Rep. Kristey Williams says voucher programs could provide more individualized attention. She defended the program alongside Senate President Ty Masterson during a forum Saturday in Augusta. Photo by (Sherman Smith/Kansas Reflector)

TOPEKA — Senate President Ty Masterson and Rep. Kristey Williams delivered a series of inaccurate statements on gun violence, public school cuts and special education funding during an hourlong public forum Saturday in Augusta.

The forum took place a day after the Senate rejected legislation crafted by Williams to create a private school voucher program. Lawmakers adjourned for spring break in the early morning hours of April 7.

Williams, an Augusta Republican, and Masterson, an Andover Republican, complained about public school performance and made their case for using taxpayer funds to incentivize attendance at unregulated private schools.

In an interview, Liz Meitl, a public school teacher in Kansas City, Kansas, said Masterson and Williams were misrepresenting K-12 pubic education information.

“What they’re doing is creating circumstances in which the Kansas public can’t have conversations about real change or real improvement,” Meitl said. “They’re gaslighting us as a whole state.”

School funding cuts

Masterson falsely claimed there was no funding cut to public schools under former Gov. Sam Brownback, even though the state repeatedly slashed public school funding between 2008 and 2016, years when Masterson was in the Legislature.

“That’s the biggest lie out there in the ether, is that there was this big cut in schools,” Masterson said. “The only governor that actually hard cut schools — which was less-money-in-subsequent-years, I-got-less-than-I-did-before cut definition — the only governor that cut schools was Mark Parkinson.”

Parkinson, a Democrat, executed several rounds of school budget cuts in response to the 2008 recession, leading schools to file a lawsuit in 2010, the year Brownback was elected. The Legislature again lowered the amount of money the state provides public schools after Brownback took office in 2011.

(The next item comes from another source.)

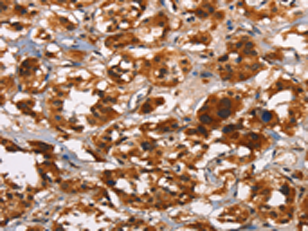 The image is immunohistochemistry of paraffin-embedded Human thyroid cancer tissue using P11589(ATRN Antibody) at dilution 1/50. (Original magnification: ×200) |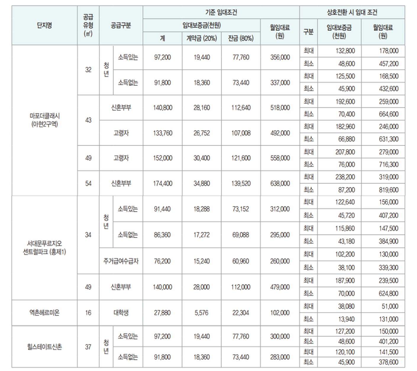 ◦ 상호전환 적용 금액: p43. [별표1] 임대금액 상세 안내 참고

As the state lost a series of legal challenges for underfunding schools, the Legislature replaced a formula that dated to 1992 with a two-year block grant to school districts. The Kansas Supreme Court determined the grants, which lowered K-12 school funding and eliminated extra aid for students in poverty, were unconstitutional.

Legislators and lobbyists who propose spending less on public schools sometimes conflate the distinction between state aid, which pays for teacher salaries and classroom expenses, with local bond projects and federal aid for food and transportation.

“K-12 never got less money. And that’s just math,” Masterson said.

Senate and House lawmakers reached a deal last week to cut $76.3 million in base state aid from public school funding, but neither chamber voted on the proposal before adjourning.

The funding bill was criticized because of the cuts, and also because it was a massive piece of legislation that blended state funding for K-12 education with provisions from nine other bills, including a form of parental rights legislation and an extension of the statewide mill levy that generates revenue for public schools.